Así comienza… Solo de trompeta, de Antonio Fernández Molina


Prólogo

Cuando era niño (debía ser muy pequeño) soñé algo que no he podido olvidar nunca. Muchas veces creo haber soñado aquel sueño la noche anterior, y esta sensación ha estado a punto de confundirme en repetidas ocasiones, hasta que un día lo anoté en un papel, y cuando volví a recordar nuevamente el sueño, varias semanas o meses después, y se repitió la sensación de su proximidad, miré el día y la fecha en que lo había anotado, y, desde entonces, tengo la seguridad de que esta sensación se repite cada vez que el sueño acude a mi memoria, desde mi primera infancia.

El sueño en sí es corto y cualquier otra persona lo hubiera olvidado en el momento de despertarse. A veces pienso que el hecho de recordar el sueño no quiere decir nada en particular, sino que lo recuerdo una y otra vez, ya por costumbre. También es probable que lo que recuerde de él sea muy poco, una parte pequeña de lo que me impresionó, a lo mejor la que me impresionó menos, y lo demás lo he olvidado por temor a que se repita el miedo que debí sentir. Puede que todo sean suposiciones y rutinas, y que recuerde el sueño como se recuerda el estribillo de una canción estúpida sin que nos haga maldita la gracia.

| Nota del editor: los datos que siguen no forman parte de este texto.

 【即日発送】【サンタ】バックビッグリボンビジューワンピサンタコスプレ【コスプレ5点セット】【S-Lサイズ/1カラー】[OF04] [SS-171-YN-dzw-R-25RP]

He aquí el sueño, o lo que recuerdo de él: En un pueblo bastante grande, donde vivo con mi familia, las casas tienen portales muy anchos y oscuros. Entro en uno sin apenas ver nada y me dirijo hacia el fondo, donde está la escalera. Subo los peldaños, pero no los veo porque mi cabeza se proyecta hacia delante. Al llegar al descansillo, me tiendo sobre el suelo y veo salir de un rincón una rata muy grande. Camina sobre mí y comienza a morderme a un tiempo la nuca y la boca.

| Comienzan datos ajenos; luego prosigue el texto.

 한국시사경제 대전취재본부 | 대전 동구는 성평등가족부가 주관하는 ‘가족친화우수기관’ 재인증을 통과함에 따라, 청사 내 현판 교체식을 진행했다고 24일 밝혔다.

Poca cosa para que no se borre de mi memoria, cuando estoy seguro de que en el mismo terreno de los sueños he tenido otros tan impresionantes o más, de los que no guardo ningún detalle que pueda repetir en el papel, porque, principalmente, el destino de los sueños es desvanecerse cada día.

Y no tengo seguridad de que aquel sueño no se repita cada noche. (Este es un modo de hablar. Mis sueños no se corresponden exactamente con las noches y seguramente son bastante independientes de esta forma de contabilidad. He dormido de un tirón, por lo que creo, varios días y noches, y muchas noches no me han servido para el sueño).


Un fragmento


Me llamo Miguel, aunque me han llamado muchas cosas en la vida (a mis espaldas casi siempre). Mi nombre de pila ha sido motivo de orgullo para mí y de mofa, en otras ocasiones, al establecer la palpable diferencia que existe entre mi persona y la de otros altos ingenios que lo llevaron.

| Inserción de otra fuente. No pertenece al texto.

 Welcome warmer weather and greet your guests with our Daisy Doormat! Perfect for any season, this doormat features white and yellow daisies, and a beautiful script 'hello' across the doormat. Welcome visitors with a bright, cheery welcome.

Empiezo por aquí, porque he de empezar por algún sitio. Terminar no sé si llegaré a hacerlo o si me quedaré en la mitad del camino. Aprovecharé esta racha y seguiré adelante mientras tenga mecha. Cuento con llegar allá, aunque está por ver. Según mis propósitos (o necesidades) esto irá deprisa, me emborracharé de palabras y recuerdos día y noche. De algún modo hay que vivir, y siempre pasan las horas.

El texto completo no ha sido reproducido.